LONG DAYS, LONG NIGHTS

Yet many immigrants still live in a dark underworld where they see the government as an enemy determined to keep them from earning a good living.

Jesus, a 32-year-old Bolivian who didn't want to give his last name for fear of being targeted by the police, started his own workshop when his Korean boss went out of business after suffering two police raids in one month.

"She told us to rent a house and buy the machines we had been working on from her. We like it here," he said, placing a calloused hand on a metal shutter in front of the house. "It's quiet, and we can work in peace."

Still, setting up his own business has multiplied his risks. When he worked for the Korean woman, rent and food were deducted from his paycheck, meaning the rest was his to spend. He often sent it back to Bolivia, to his ailing father.

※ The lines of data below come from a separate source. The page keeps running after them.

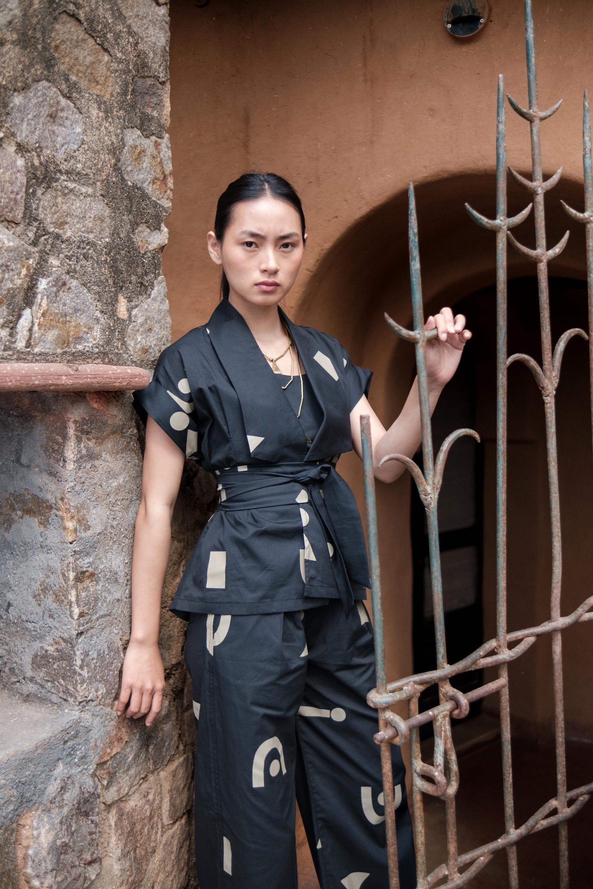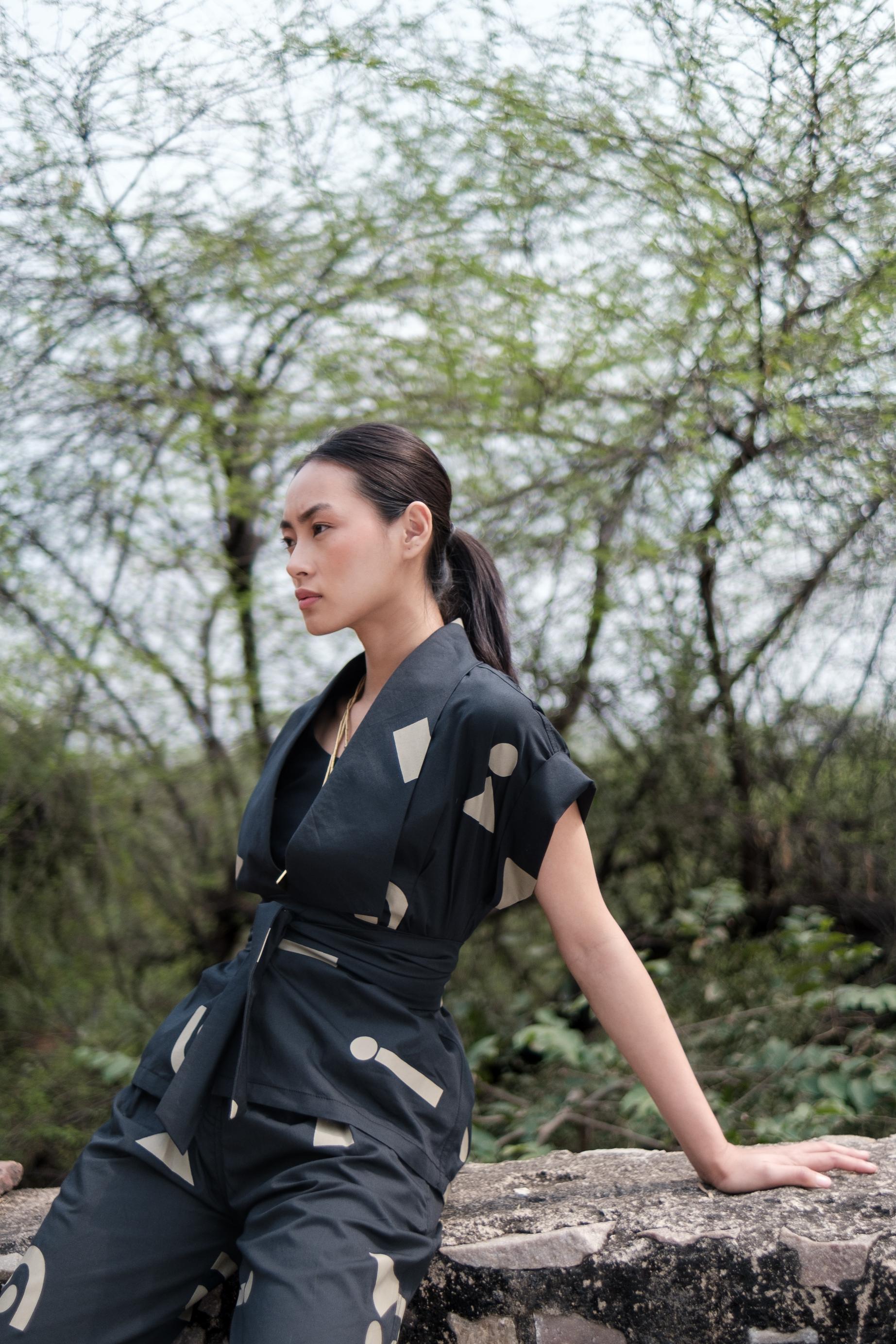 This shawl collar summer jacket featuring a contrasting piping detail and a statement belt can elevate any look and is surely a head turner.
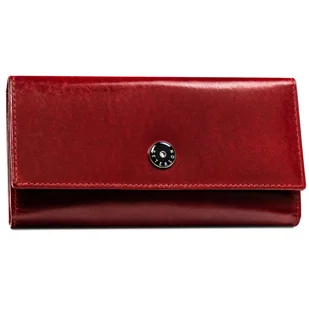PETERSON Duży pojemny czerwony portfel damski ze skóry naturalnej schowek na suwak rozbudowany na karty dokumenty i gotówkę pudełko prezentowe ochro..
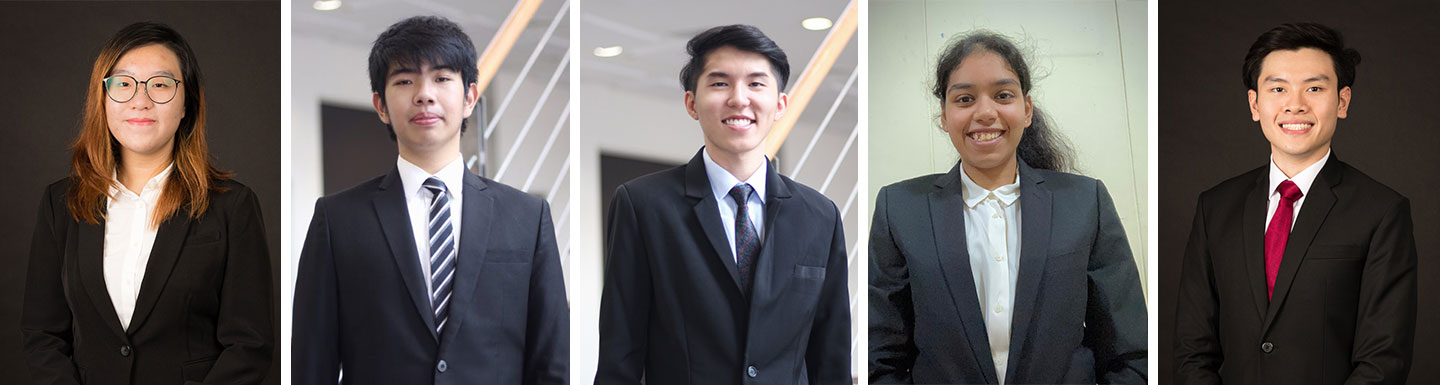 From left: Alice Chua Qin Hui (DSAI, Year 3), Honorary General Secretary; Chua Boon Han (CS, Year 3), Vice President ; Hoo Kah Jun (CS, Year 2), President; Puvvada Meghana (CS, Year 2), Vice President ; Ernest Tan Yan Heng (BCG, Year 2), Honarary Financial Controller.
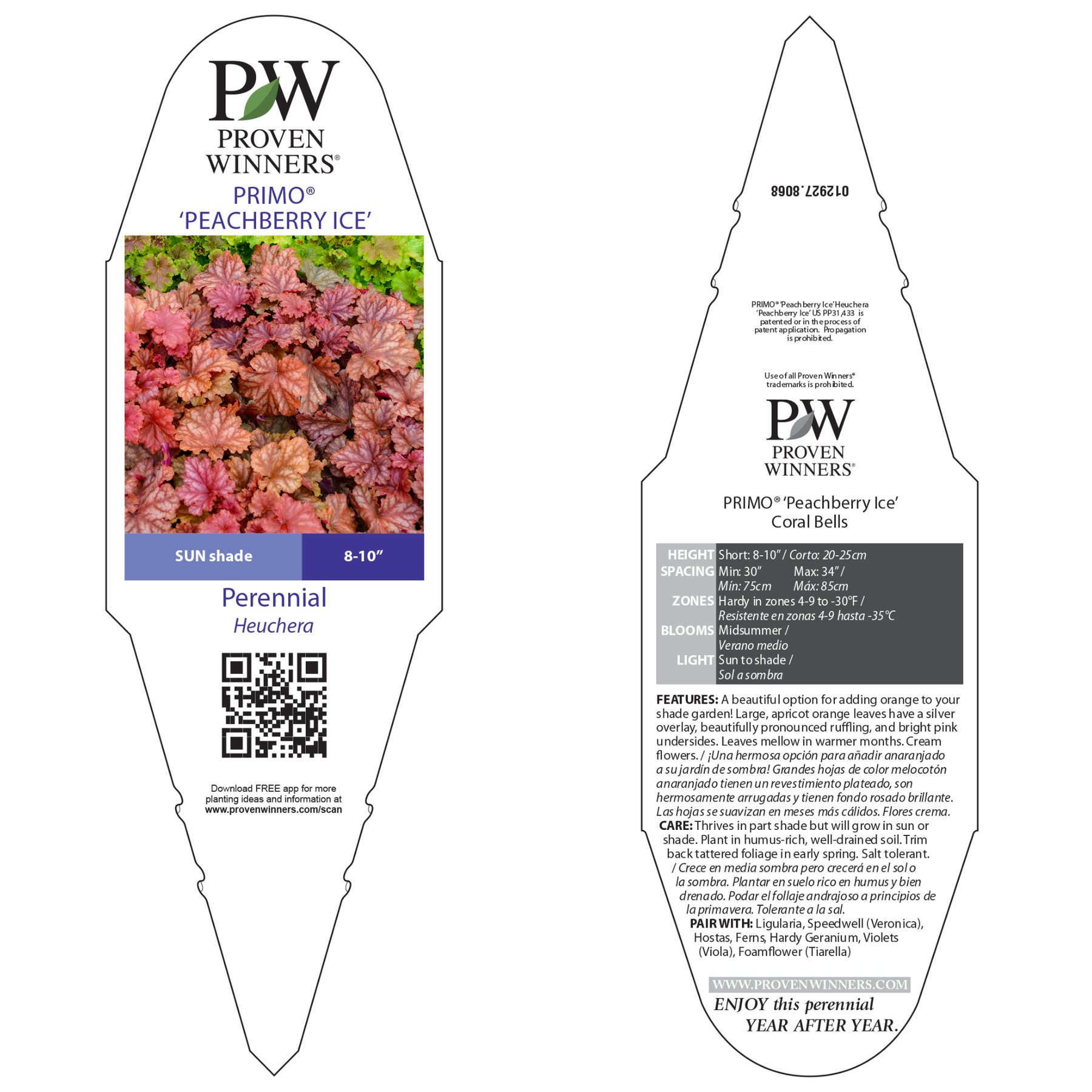 Primo® 'Peachberry Ice' has large, apricot orange leaves with a silver overlay, beautifully pronounced ruffling, and bright pink undersides. Leaves mellow in warmer months and cream flowers bloom in mid summer. This perennial resists deer and attracts butterflies and hummingbirds.

Now, he has to pay his part of the rent in a house he shares with a brother plus nearly $500 a month - on top of a whopping $10,000 two-year lease - for a stall measuring 4 square meters in a converted warehouse in a morning bazaar.

Jesus arrives at the bazaar in the commercial neighbourhood of Bras at 5:30 a.m. to sell the cotton blouses that he, his wife and a niece produce in a small room in their house. After a quick lunch, he returns home to join the two women, working well into the evening.

"Thankfully, the Brazilian culture is one of luxury. Brazilians change their look two or three times a month," Jesus said with a smile. "That's good for the seller."

For the rank-and-file workers, life can be even more of a day-to-day battle.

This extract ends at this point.